YOUR TASK
Output the lines of the records exactly, from the first through the one containing "ជាឧទាហរណ៍ជាក់ស្តែង ទោះបីជាចំនួនអ្នកស្លាប់នៅមន្ទីរពេទ្យ Al". Omit all pictures.

GIVEN RECORDS
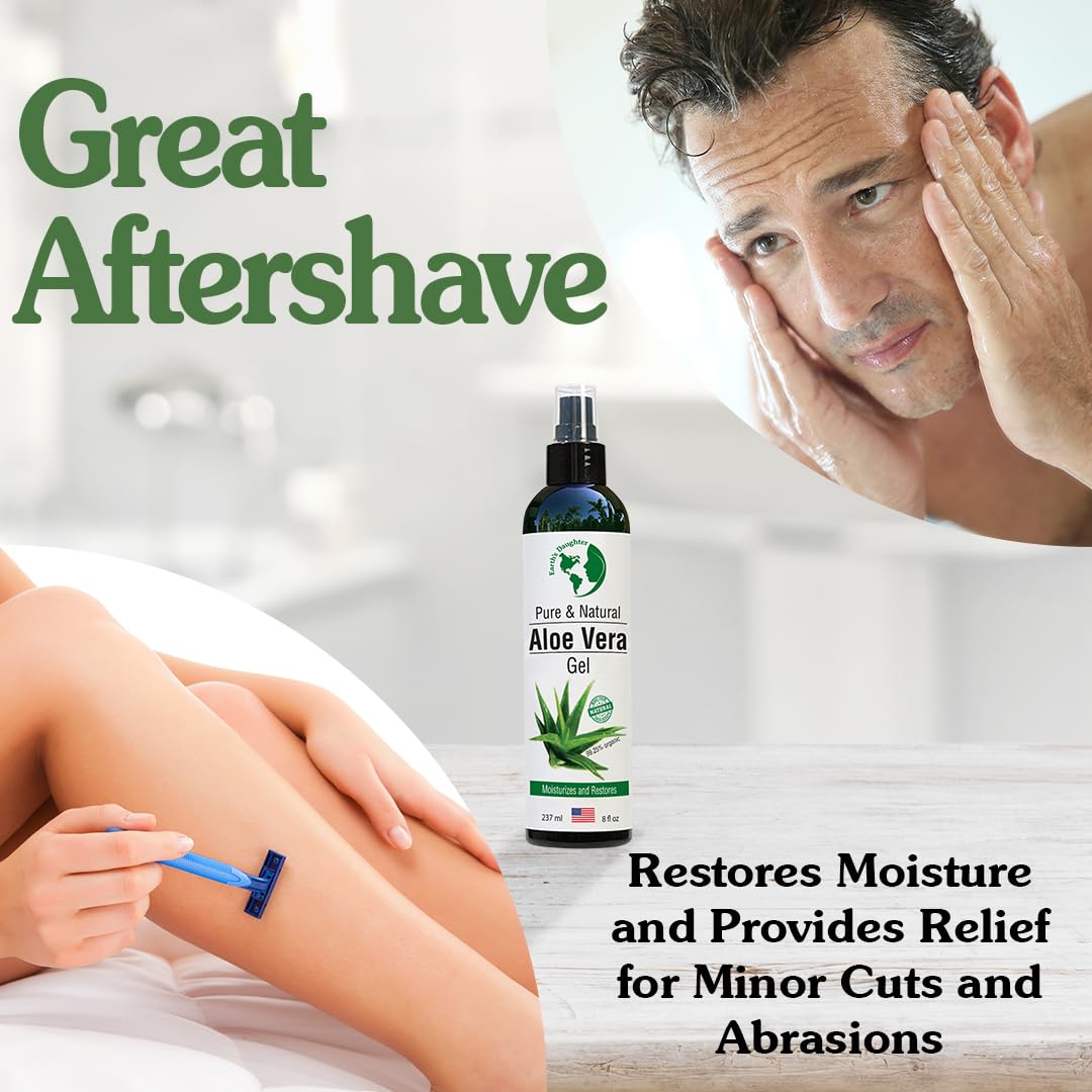 Earth's Daughter Organic Aloe Vera Gel, 100% Pure Cold-Pressed - Soothes Face, Hair, Acne, Sunburn, Bug Bites, Rashes & Eczema, 8oz
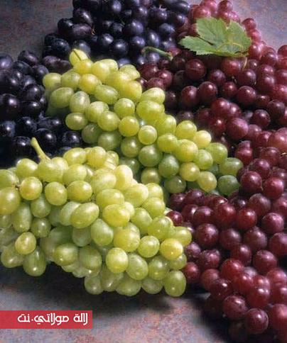يحتوي المائة غرام من العنب على 95% من وزنه ماء – 7 غرامت جلوكوز – 1 غرام دهون – 16 غرام كربوهيدرات ونصف غرام بروتين و عشرين مليغرام فيتامين سي و افضل انواع العنب كبير الحجم ولونة ابيض العنب يعتبر منشط للعضلات و الاعصاب و مجدد للخلايا وطارد للسموم من البدن و مطهر ومدر للبول ويعتبر العنب مفيد للذين يعانون من ضعف العظام و اضطرابات الدم و داء النقرس و امراض الرئة و المصابين بالروماتيزم كما يساعد العنب الجسم على اختزان المواد الآزوتية و الدهنية بالجسم فتزيد بذلك من مناعتة و مقاومتة للامراض والتعب يجب غسل العنب جيد قبل الاكل لازالة مادة سلفات النحاس التي ترش على العنب
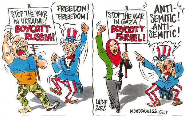ជាឧទាហរណ៍ជាក់ស្តែង ទោះបីជាចំនួនអ្នកស្លាប់នៅមន្ទីរពេទ្យ Al Ahli Baptish នៅហ្គាហ្សាមានចំនួនច្រើនជាងចំនួនអ្នកស្លាប់នៅមន្ទីរពេទ្យក្នុងទីក្រុង Mariupol កាលពីខែមិនាឆ្នាំ២០២២កន្លងទៅក្តី ប៉ុន្តែអាមេរិក និងលោកខាងលិចនាំគ្នាស្តីបន្ទោសយ៉ាងខ្លាំងចំពោះប្រទេសរុស្សីជាជាងការថ្កោលទោសចំពោះអ៊ីស្រាអែល។
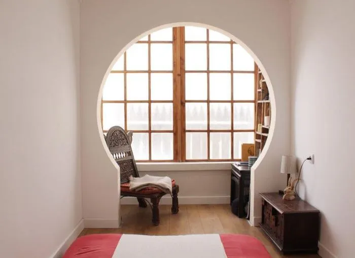 Вариант 4. Вы можете поместить деревянную раму и витражную арку в проем, достаточно широкий для размещения гостей. Это кажется простым и разумным. Она пропускает свет и визуально расширяет пространство. В этом примере арка повторяет форму окна, но в основном подчеркнута.
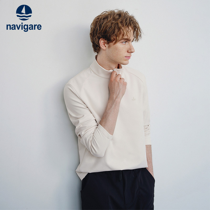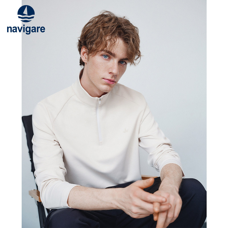 Navigare意大利小帆船休闲白色半开领卫衣男士新款潮流长袖套头衫
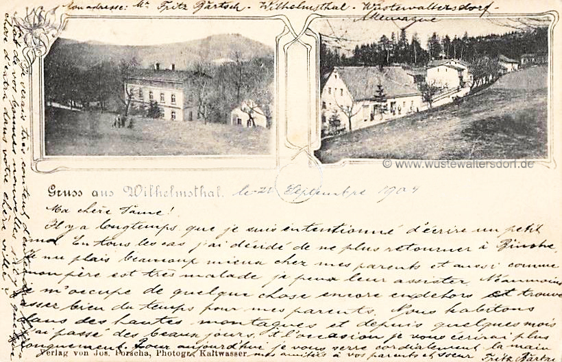 Lage: Wilhelmsthal liegt östlich von Nieder-Wüstewaltersdorf auf einer Anhöhe.
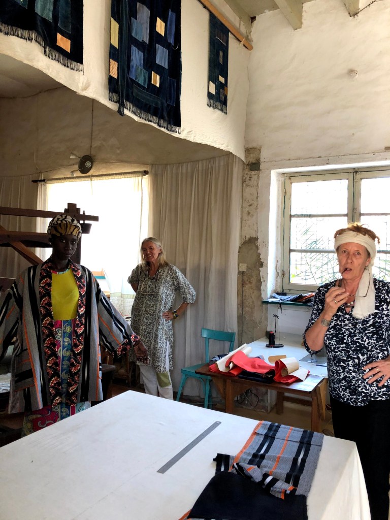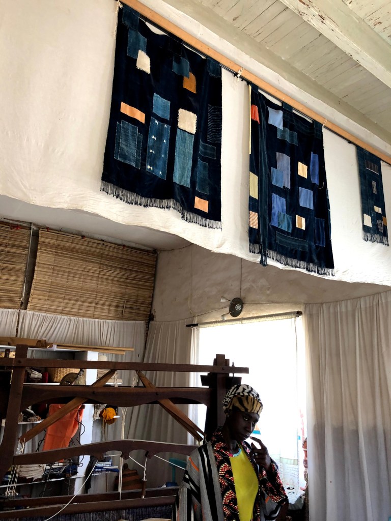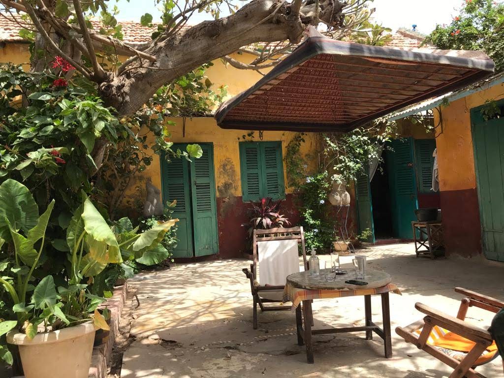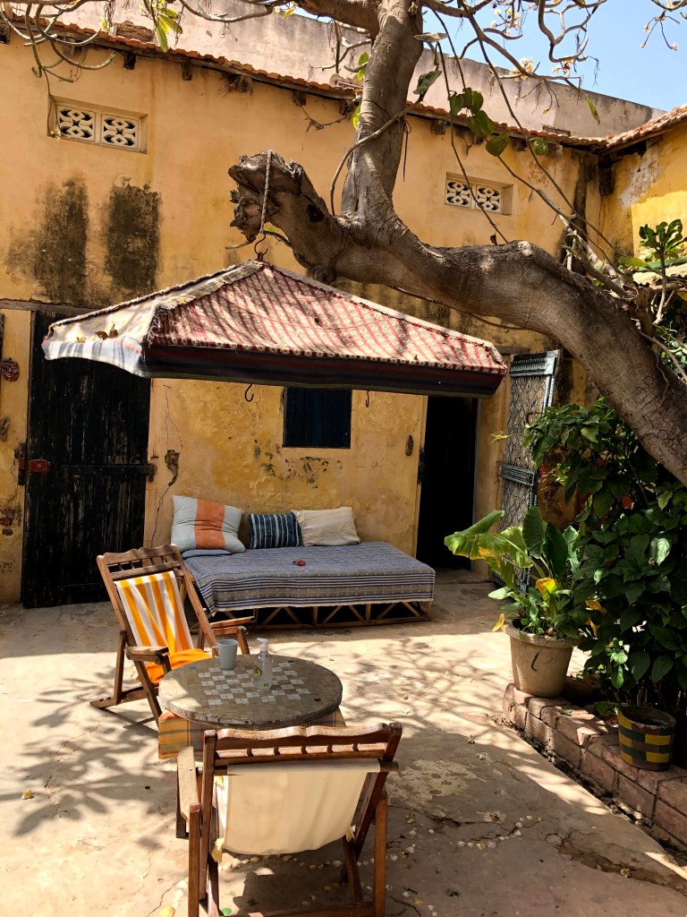 His maison is in fact an artist studio and home to his partner and her team of Senegalese weavers. She is from Paris and speaks good English and in no time she is showing us her weaving studio and our bedroom. Telling us to stay for as long as we want. āThe rent gets cheaper the longer you stay, until we are friends and then itās for freeā we hear through her broken English. They are very kind and nice. We feel an immediate affinity. Their home is picture perfect. It reminds me of Frida Karloās home in Coyoacan, Mexico City. It has those same brightly coloured green, yellow and pink walls, with a small square yard from which the rooms look at each other across the little yard.Ā Ā There is a frangipanis tree in the yard with a kitten crawling around it. The smell of open fire and freshly cooked mackerel wafts across the yard. The room we are shown is cosy comfortable. It can just fit as bed into it. No more. And has its own tiny shower and toilet area with a toilet seat! The whole casa imbues a calm, warm and inviting energy of a resolved people. Everyone and everything feels peaceful, from the owners to the quaint building layout with its well-worn gentleness.Ā
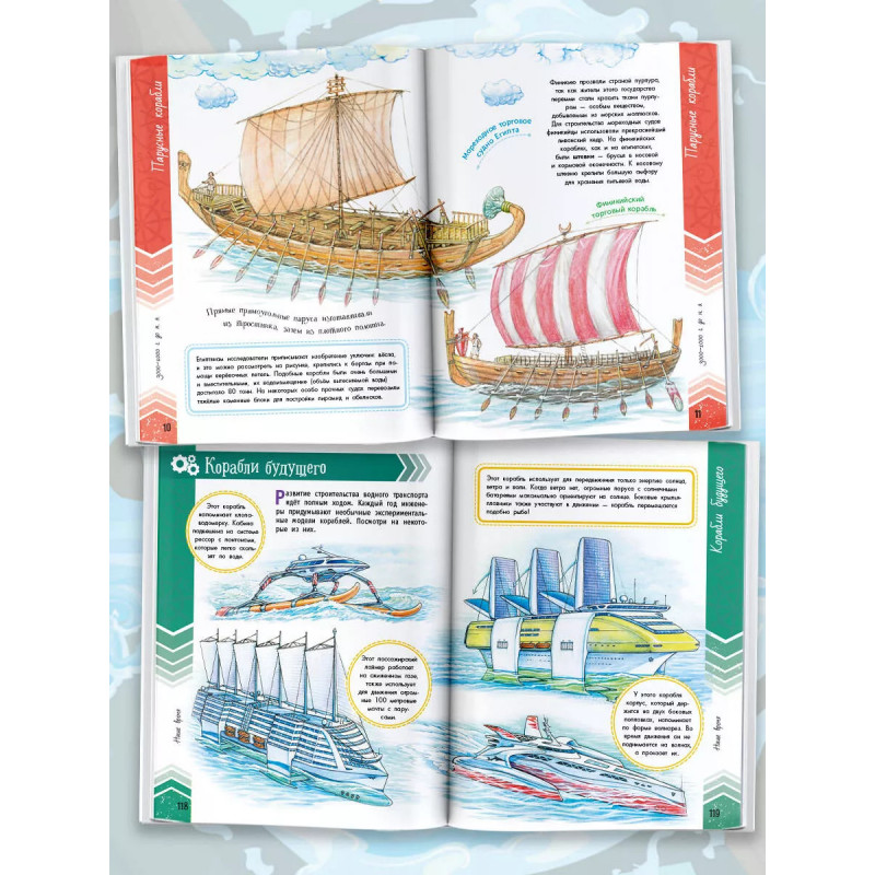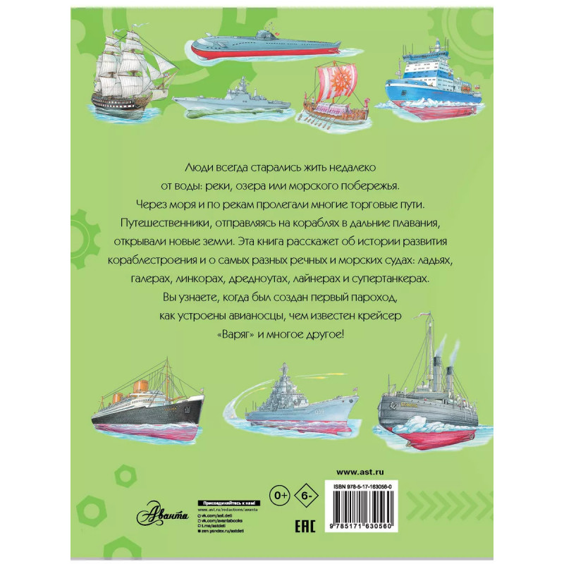 Люди всегда старались жить недалеко от воды: реки, озера или морского побережья. Через моря и по рекам пролегали многие торговые пути, а путешественники, отправляясь на кораблях в дальние плавания, открывали новые земли. Эта книга расскажет об истории развития кораблестроения и о самых разных речных и морских судах: ладьях, галерах, линкорах, дредноутах, лайнерах и супертанкерах. Вы узнаете, когда был создан первый пароход, как устроены авианосцы, чем известен крейсер "Варяг", как выглядели венецианские галеры и многое-многое другое. Для младшего школьного возраста.
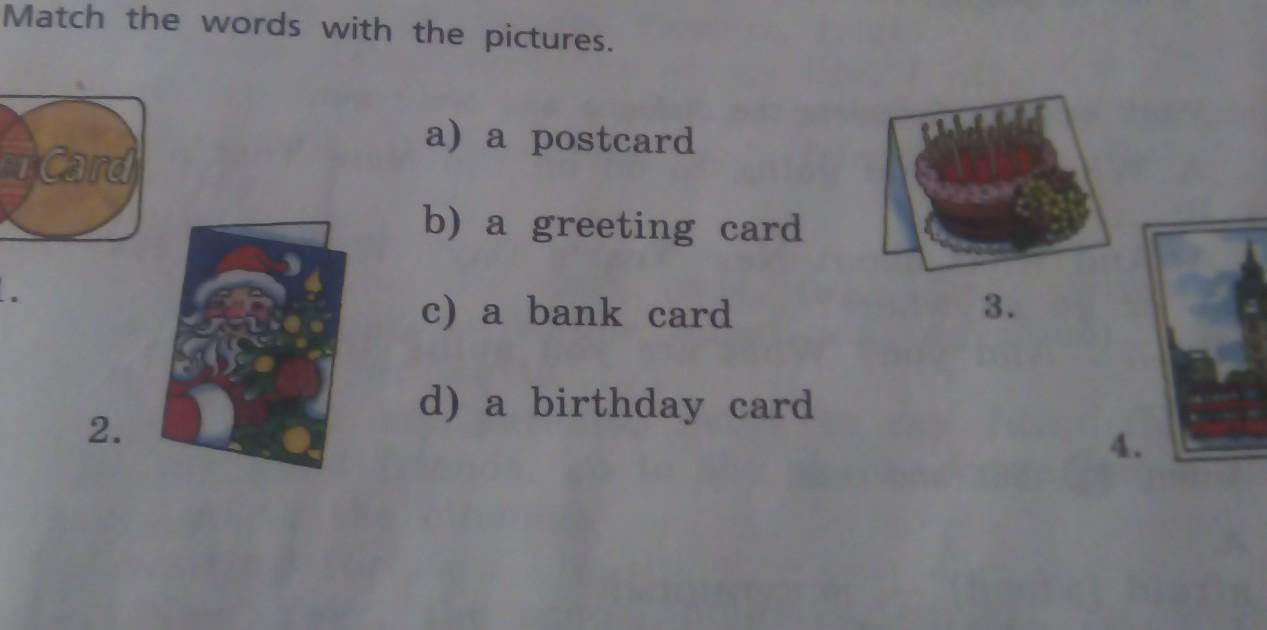 Match the words with the pictures. a) a postcard. b) a greeting card. c) a bank card. d) a birthday card.
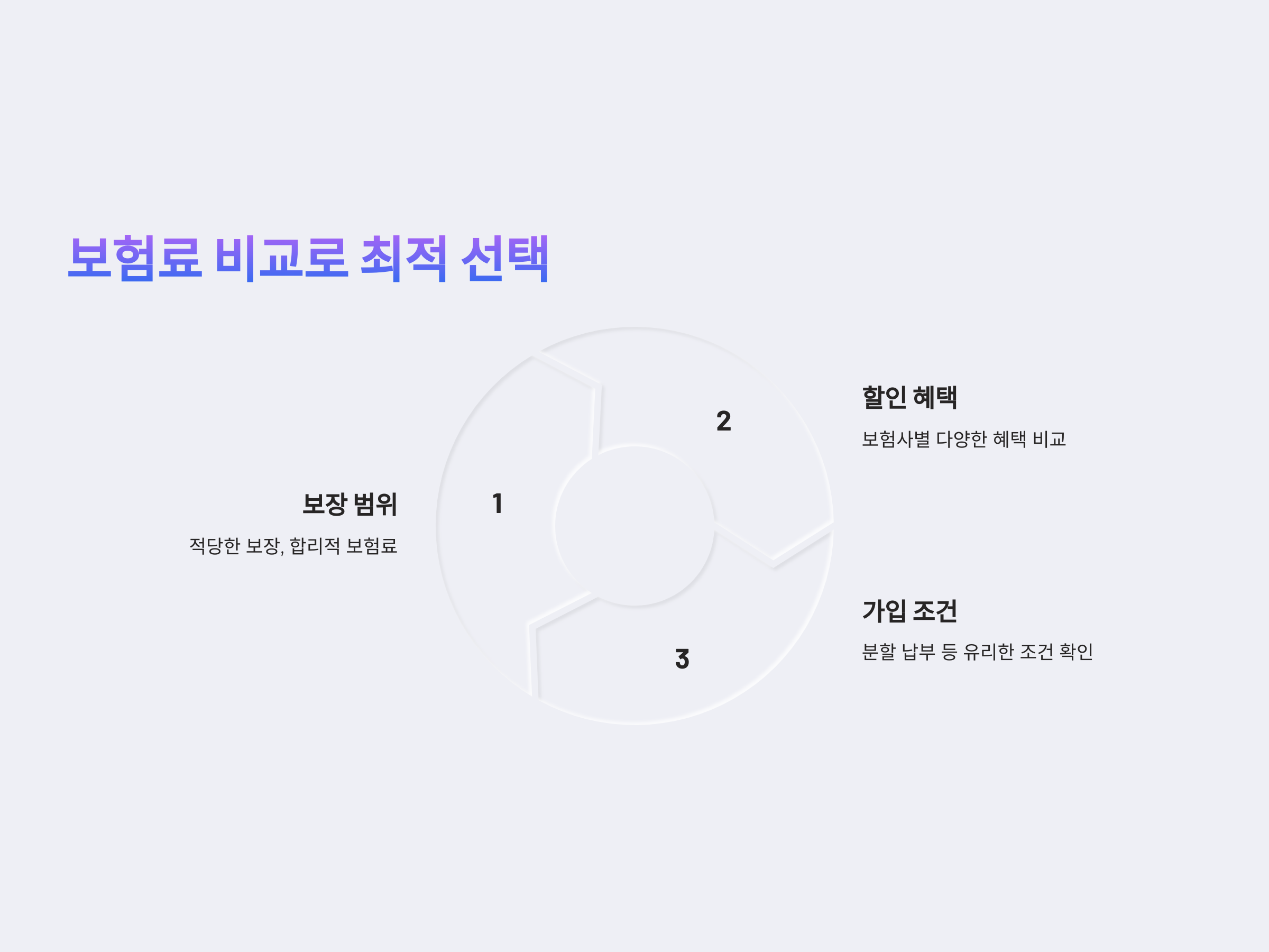 - 보장 범위: 보험료가 저렴하다고 해서 보장 범위가 적은 상품을 선택하는 것은 바람직하지 않습니다. 보장 범위가 적당하면서도 보험료가 합리적인 상품을 선택해야 합니다.
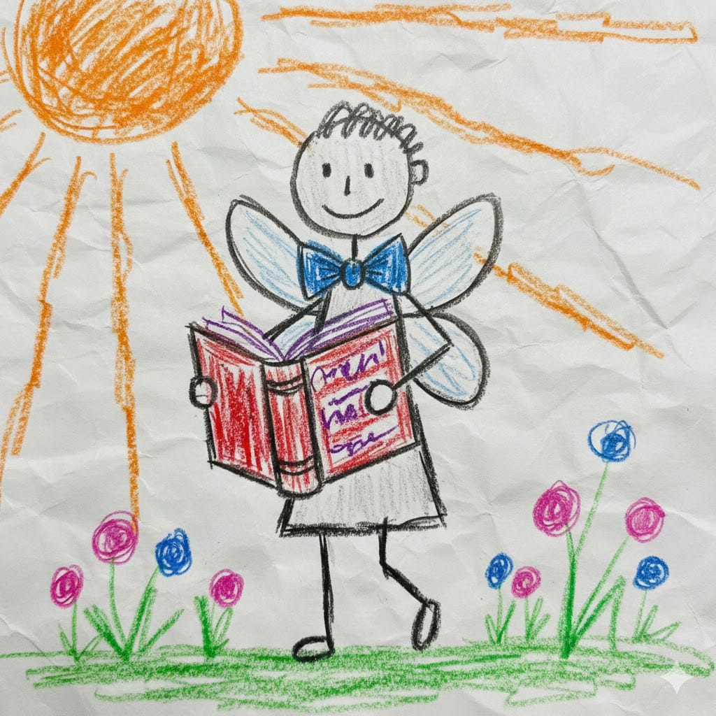Same Prompt🤔: Create a poorly drawn stick figure illustration drawn with crayons of a faerie wearing a bowtie writing in a book at dawn.
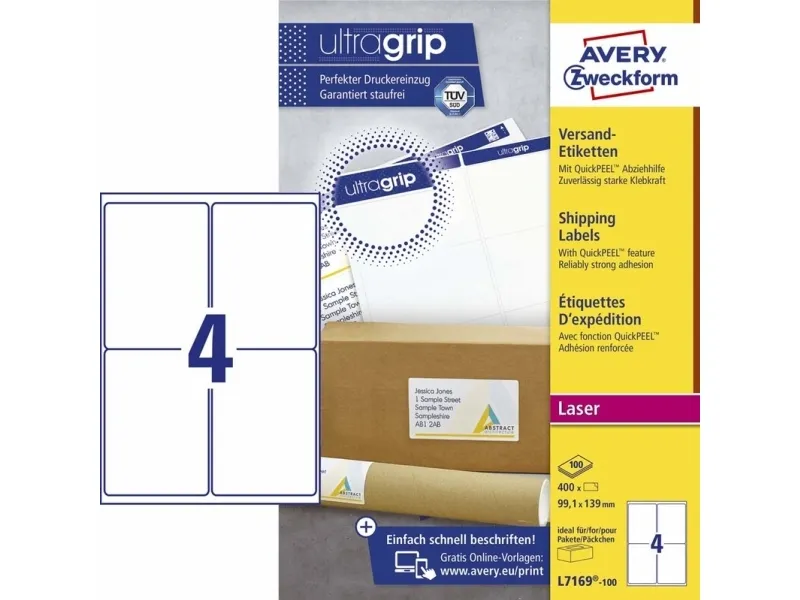 Product Description: - 139 x 99.1 mm. - Laser / Colour Laser / Inkjet. - 400 Total Labels. - For: Shipping / Mailing. - eco-friendly. - Colour: White. - Works best with: parcels and shipping. - 100 Sheets per Pack. - 4 Labels per Sheet. - Permanent Adhesive. - Rectangular. - on A4 sheet. - Detail: with QuickPEEL™ feature; completely hide old text.

YOUR RESPONSE
 Earth's Daughter Organic Aloe Vera Gel, 100% Pure Cold-Pressed - Soothes Face, Hair, Acne, Sunburn, Bug Bites, Rashes & Eczema, 8oz
يحتوي المائة غرام من العنب على 95% من وزنه ماء – 7 غرامت جلوكوز – 1 غرام دهون – 16 غرام كربوهيدرات ونصف غرام بروتين و عشرين مليغرام فيتامين سي و افضل انواع العنب كبير الحجم ولونة ابيض العنب يعتبر منشط للعضلات و الاعصاب و مجدد للخلايا وطارد للسموم من البدن و مطهر ومدر للبول ويعتبر العنب مفيد للذين يعانون من ضعف العظام و اضطرابات الدم و داء النقرس و امراض الرئة و المصابين بالروماتيزم كما يساعد العنب الجسم على اختزان المواد الآزوتية و الدهنية بالجسم فتزيد بذلك من مناعتة و مقاومتة للامراض والتعب يجب غسل العنب جيد قبل الاكل لازالة مادة سلفات النحاس التي ترش على العنب
ជាឧទាហរណ៍ជាក់ស្តែង ទោះបីជាចំនួនអ្នកស្លាប់នៅមន្ទីរពេទ្យ Al Ahli Baptish នៅហ្គាហ្សាមានចំនួនច្រើនជាងចំនួនអ្នកស្លាប់នៅមន្ទីរពេទ្យក្នុងទីក្រុង Mariupol កាលពីខែមិនាឆ្នាំ២០២២កន្លងទៅក្តី ប៉ុន្តែអាមេរិក និងលោកខាងលិចនាំគ្នាស្តីបន្ទោសយ៉ាងខ្លាំងចំពោះប្រទេសរុស្សីជាជាងការថ្កោលទោសចំពោះអ៊ីស្រាអែល។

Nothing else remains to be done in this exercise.